Bondar, who has worked in insurance, said a client spurred his involvement in GOP politics, and he first got connected to Oklahoma after supporting some candidates there during the 2022 midterms. He said the GOP lawmakers in North Texas “represent their constituency well,” as do the other members of the Oklahoma delegation.

“I wouldn’t run against somebody that’s doing a good job, but I am going to run against somebody who’s not doing the job,” Bondar said.

Bondar suggested Cole has lost touch with the district and spends too much time in the nation’s capital. He also criticized Cole, who chairs the powerful House Appropriations Committee, for not reining in government spending and for supporting aid for Ukraine.

“I’ve spent more time in my district in a month than this guy in his lifetime,” Cole countered when asked about those criticisms, describing them as “an effort, I think, to divert from his own lack of familiarity with a district and his own lack of connection with Oklahoma.”

"I think in the end, it's sort of like a bar fight," Cole later added. "If you're in a bar fight, the guy with the most money doesn't win; the guy with the most friends wins. And I've got a lot more friends than my opponent and I think that will show up on Tuesday."

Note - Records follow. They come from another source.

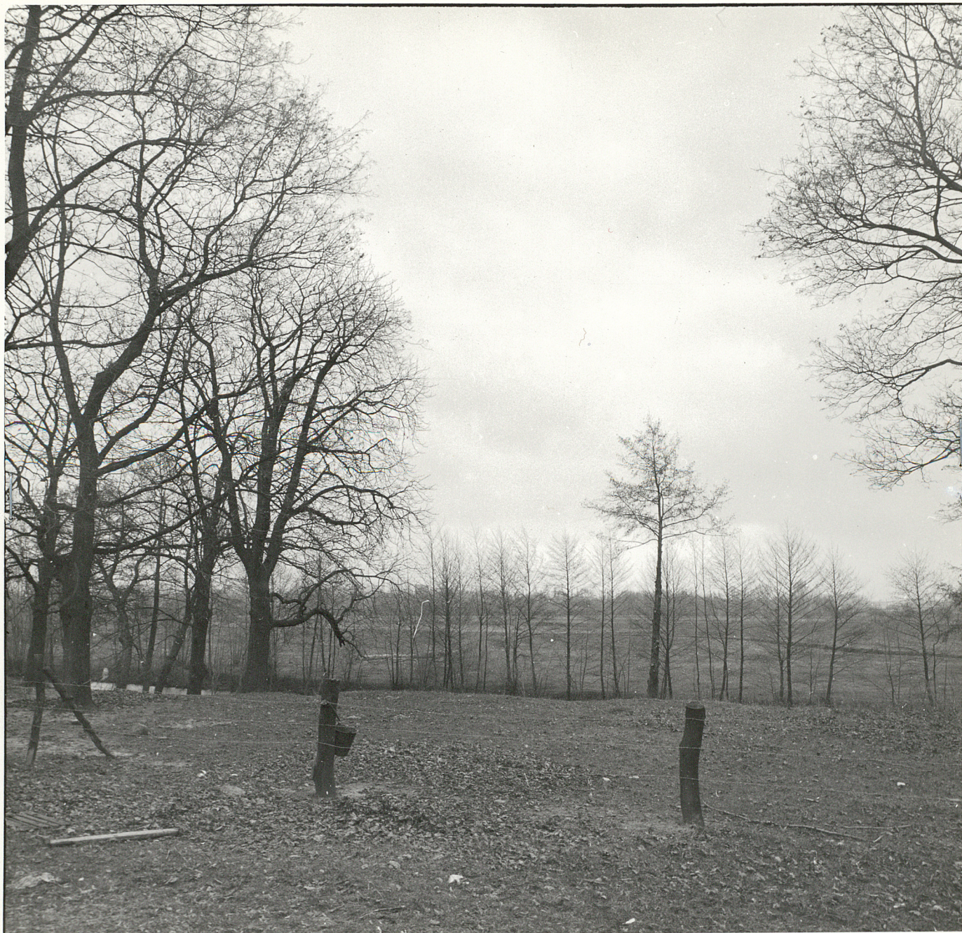
For.3 DOLINA SZURY - WIDOK WZDŁUŻ OSI DAWNEGO ZAŁOŻENIA PUNKT WIDOKOWY
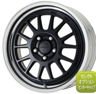
マットブラック・MBL SR 17
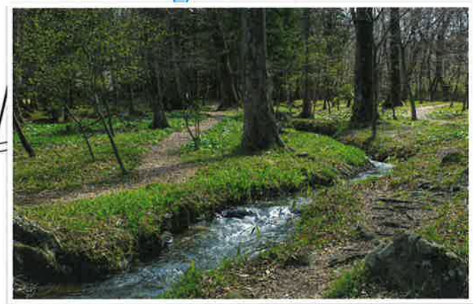
NHK朝ドラ「エール」オープニングの主人公の立ち位置
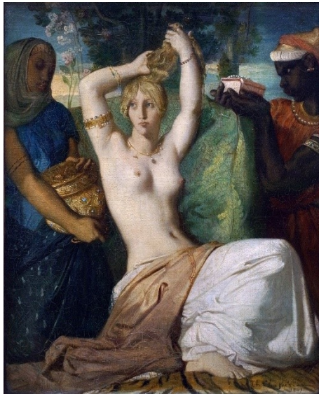
תיאודור שאסריו, אסתר מתייפה לקראת פגישתה עם אחשוורוש, 1841, לובר, פאריז

השקועה בהרהורים, מייצגת את מה: שקדוש, טוב וקשור לאלוהי; טוהר וקדושה כפי שרמברנדט מבין מרוח הטקסט, אותו הוא למד והכיר. משמעות זו מתעצמת, דרך הניגודיות הקיימת בציור, בין העלטה הגדולה והאור שיוצא ממנה . הרב קוק אמר, בין היתר: (אתם מדמיינים רב, בישראל של היום, אומר את זה?) "התמונות האהובות עליי ביותר היו של רמברנדט. לדעתי, רמברנדט היה צדיק...מדי פעם ישנם אנשים דגולים שהשם מברך אותם בראיית האור הגנוז...אחד מהם היה רמברנדט, והאור שבתמונותיו הוא האור שברא אלוהים בימי בראשית."
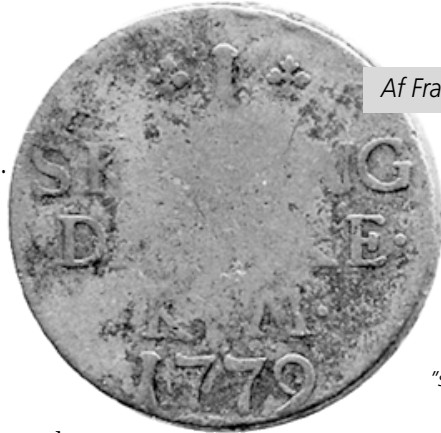
Af Frank Pedersen

Forklaringen er sandsynligvis den, at Bauert i begyndelsen af året 1779 havde glemt, at skillingen skulle antedateres; man må huske på, at der på det pågældende tidspunkt var forløbet 5-6 år, siden der sidst var præget kobberskillingen i København.
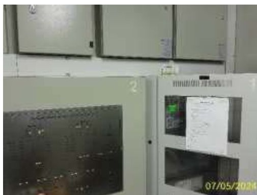
แผงควบคุมระบบแจ้งเตือนอัคคีภัย
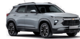
스털링 그레이 (GZB)
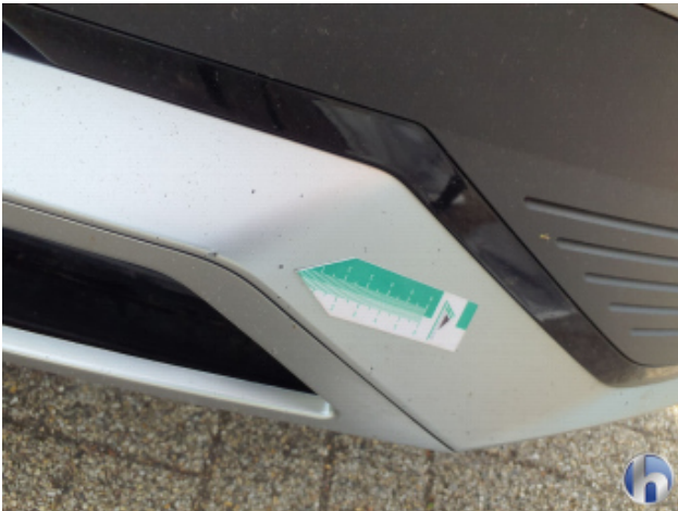
9. Frontspoiler Unfallschaden - Instandsetzen und Lackieren

The pro-Cole super PAC, Americans 4 Security PAC, has also launched ads featuring footage of Bondar driving a car with Texas license plates and stumbling in a local news interview over his exact location, acknowledging he was not in Oklahoma.

Peter Kirkham, a former chief of staff for Cole who is working with the super PAC, said the 60-second ad featuring the local news interview “defined the race for voters.” Kirkham said the football ad was a way to inject some humor and make the case that Bondar is untrustworthy.

“College football is the No. 1 sport in the state and the Oklahoma-Texas game is the No. 1 game. … The rivalry’s real,” Kirkham said. 

Along with some football references, ads from Cole and his allies ads have also all stressed that the longtime congressman has former President Donald Trump’s endorsement, which Cole said has been "enormously helpful" in the race.

Trump won the 4th District by 32 percentage points in 2020, according to calculations from Daily Kos Elections.

Trump ally Roger Stone is a consultant for Bondar’s campaign.

Trump’s endorsement can give candidates a major boost in GOP primaries. But Cole is also trying to keep his race from going into overtime. With four other candidates on the ballot, Cole could get forced into an Aug. 27 one-on-one runoff if he does not win more than 50% of the vote against the full field.  

Both candidates are sprinting to the finish, and Cole and Bondar are no strangers to leaving it all on the field. Both played college football, after all.

CORRECTION (June 13, 2024, 4:28 p.m. ET): A previous version of this article misstated when Bondar purchased his Atoka County property. It was March 31 of 2023, not this year.